Graphic by Ashley Averill

The use of car brights has become an epidemic that is causing alien blindness.

I hate you.

You know who you are. It’s the guy with the jacked up headlights on his shitty 2000 F-150.

I don’t understand the need to want to blind every driver passing you so you can see a little more ahead of you. The lights that come with the car work PERFECTLY FINE.

I see these bright ass headlights in the weirdest places, like in St. Clair Shores where there are literally street lights on every single road. But, sure, you definitely need to see 17 miles in front of you.

You might think, “Oh, but out in the country it gets really dark, and deer are crazy.”

To that, I agree. But, why is it necessary to have that much extra light in a well-lit suburb or just driving down the expressway? Are you trying to send a signal to aliens on Mars?

My eyes are tired from dealing with your stupidity. If I had one dollar for every time I got blinded over school, I’d be a millionaire.

You don’t need to add special LED lights to your car. It comes with brights for a reason.

Speaking of brights, the best is when you’re driving down that winding road by Meadow Brook Amphitheatre, and the person coming the opposite way just leaves their brights on. Thank you, sir. Now, I can’t see out of my left eyeball.

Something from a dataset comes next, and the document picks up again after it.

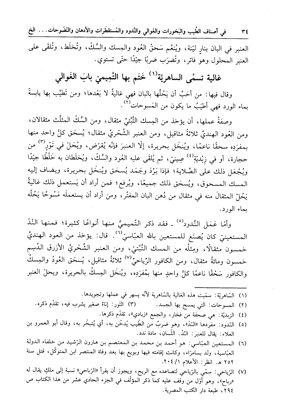 وأما عمل الندود - فقد ذكر التميمي منها أنواعاً كثيرة ؛ فمنها الند المستعيني كان يصنع للمستعين بالله العباسي . قال : يؤخذ من العود الهندي خمسون مثقالا ومثله من المسك التبتي ، ومن العنبر الشحري الأزرق الدسم خمسون ومائة مثقال ومن الكافور الرياحي ثلاثة مثاقيل ؛ يسحق العود والمسك والكافور سحقاً ناعماً كل واحد منها بمفرده ، وينخل المسك بالحريرة ، ويحل العنبر

There’s also the drivers who know you’re in front of them, but still leave their brights on because they obviously can’t see your car right in front of them. Thanks, dude. Now, I can’t see shit out of my mirror.

I get that OU is in an area with fewer lights, but c’mon. The people who drive down Adams are at a totally new level of inconsiderate. Turn off your damn brights. You can see the road in front of you just fine. And if you can’t, then I think you might need to get your eyes checked out.

Just a couple days ago, I was driving on Avon and saw six deer on the side of the road. And, guess what? I didn’t even need my brights to see them because I’m not that damn lazy to turn my head to the side a little bit.

My second favorite thing behind people leaving their brights on is those cars that are now being made with extra blinding lights. I’m looking at those Jeep Wranglers and those boujee trucks.

Do you know how many times I’ve flashed a car with my brights because I thought they left theirs on and they just flash theirs back at me? It’s too many to keep track.

I just want to live in a simple world with simple lights. Is that too much to ask for? My eyeballs need a damn break.